-- Information provided follows --

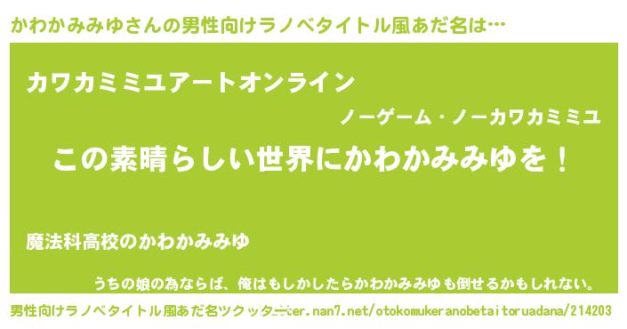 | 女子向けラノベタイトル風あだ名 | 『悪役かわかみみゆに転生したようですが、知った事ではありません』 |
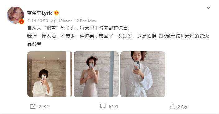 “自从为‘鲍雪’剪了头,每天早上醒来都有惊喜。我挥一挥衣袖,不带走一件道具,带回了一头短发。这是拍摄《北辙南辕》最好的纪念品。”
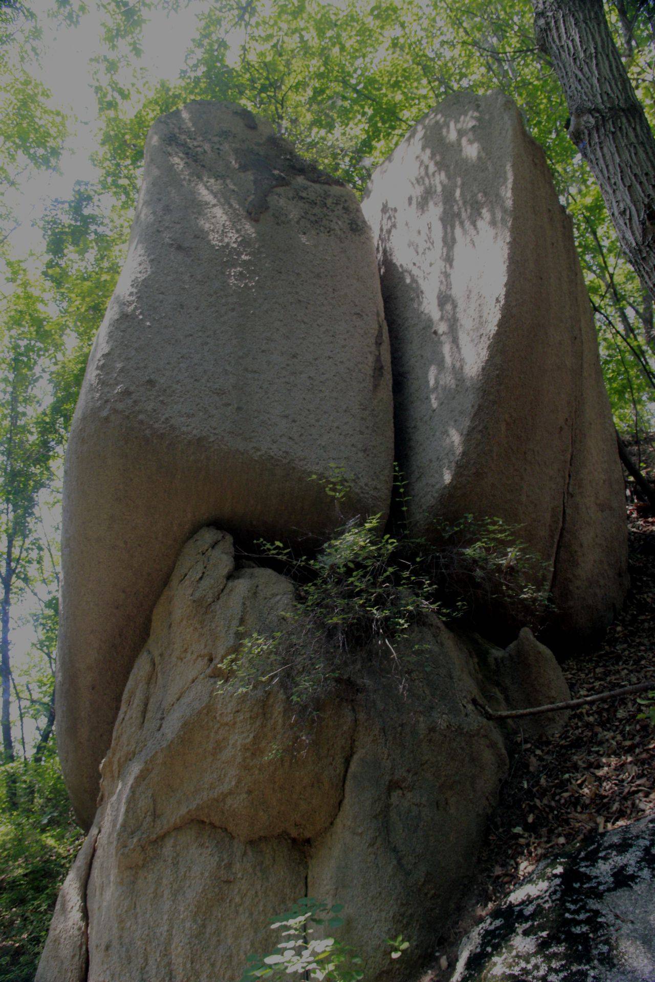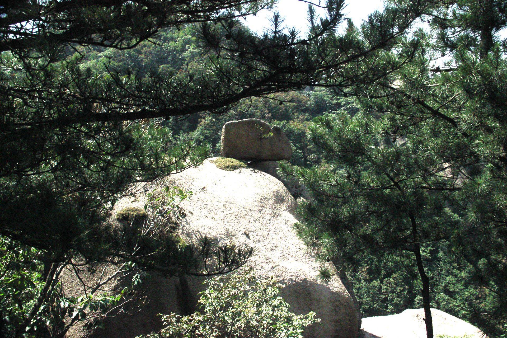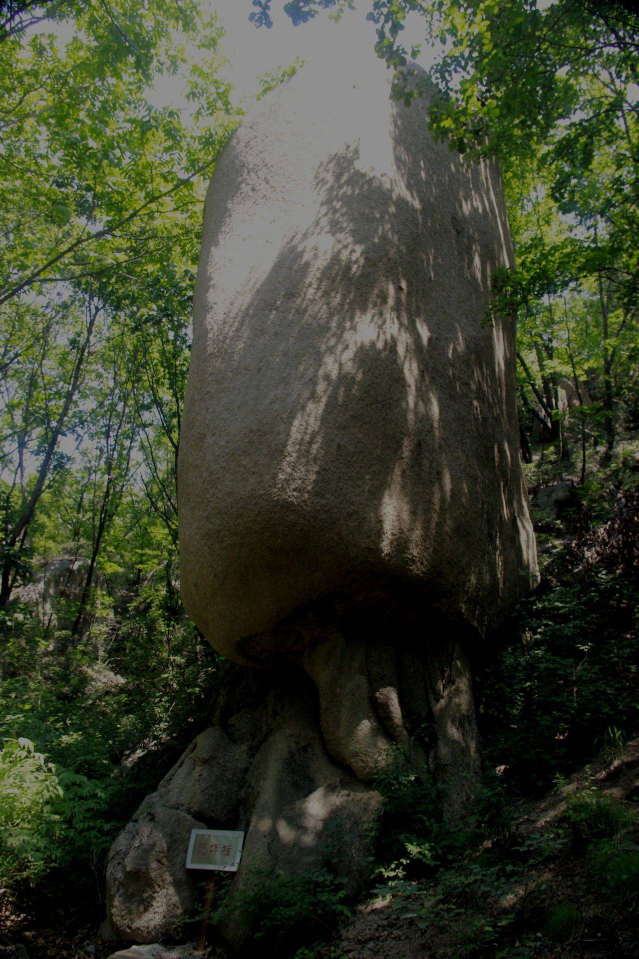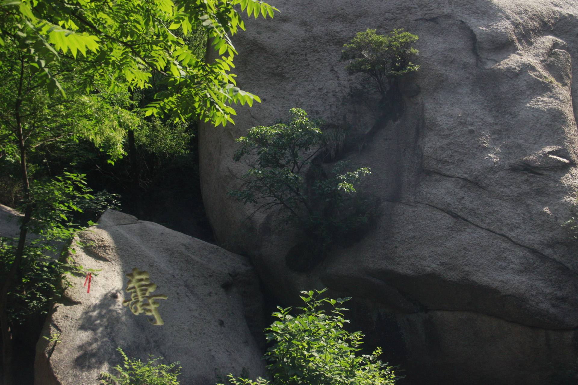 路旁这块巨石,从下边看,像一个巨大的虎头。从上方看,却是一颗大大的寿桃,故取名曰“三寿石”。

-- Information provided concluded --

◆ What is needed: Give back the data exactly. Pictures stay out.

◆ Exercise output:
 | 女子向けラノベタイトル風あだ名 | 『悪役かわかみみゆに転生したようですが、知った事ではありません』 |
 “自从为‘鲍雪’剪了头,每天早上醒来都有惊喜。我挥一挥衣袖,不带走一件道具,带回了一头短发。这是拍摄《北辙南辕》最好的纪念品。”
 路旁这块巨石,从下边看,像一个巨大的虎头。从上方看,却是一颗大大的寿桃,故取名曰“三寿石”。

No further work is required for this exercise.